Now’s the time to let you Muse run wild and drag some truly outlandish characters into your story. Don’t hold back, you can always axe them later, but you might just discover the most memorable character you’ve ever created and perhaps a truly original way to use them as well.
In the next step, we’ll begin the process of transforming your characters, even the outlandish ones, into real people, preliminary to deciding which ones stay and which ones go.
Excerpted from the book, Write Your Novel Step by Step

Monday, August 25, 2014

Write Your Novel Step by Step (14) "Unusual Characters"

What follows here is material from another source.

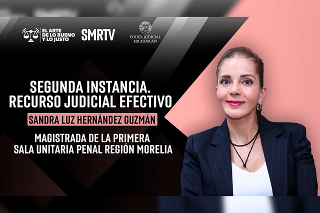 Morelia, Michoacán, 22 de diciembre de 2025. “La segunda instancia es fundamental porque brinda certeza jurídica a las partes inconformes con una resolución judicial. Quienes impartimos justicia conocemos el impacto que estas tienen en la vida de las personas; por ello la importancia de la revisión por un órgano superior”, así lo afirmó la magistrada de la Primera Sala Unitaria Penal Región Morelia, Sandra Luz Hernández Guzmán, en la nueva emisión de El Arte de lo Bueno y lo Justo.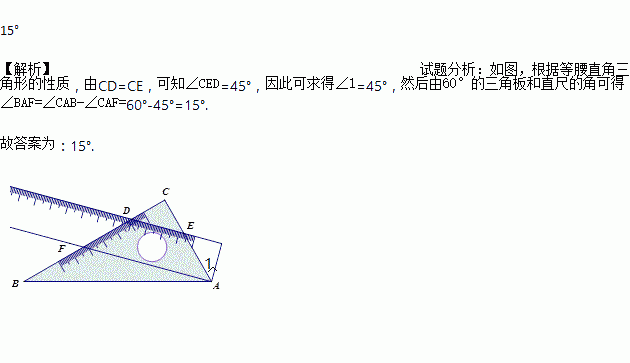 ,点F在直尺的另一边上,那么∠BAF的大小为__°.

In the previous step you added to your cast list some characters who would not raise an eyebrow if they showed up in your story’s world.
Now, let yourself go a bit (but just a bit) and list a number of characters that might seem somewhat out of place but would still be fairly easily explainable in such a story as yours.
Example:
In our example story of a small town in the old west, these “unusual characters” might include:
A troupe of traveling acrobats
Ulysses S. Grant
A Prussian Duke
A bird watcher
You may be wondering why you’d want to have such odd characters in an otherwise normal story. The reason is to prevent your story from being too normal.
Neither reader nor publisher will want to waste time or money on a book that is just a rehash of the same tired material they’ve read over and over again.
What they are looking for is something with a unique personality – something that sets itself apart from the usual run of the mill.
Adding one or two somewhat unexpected characters to a story can liven up the cast and make it seem original, rather than derivative.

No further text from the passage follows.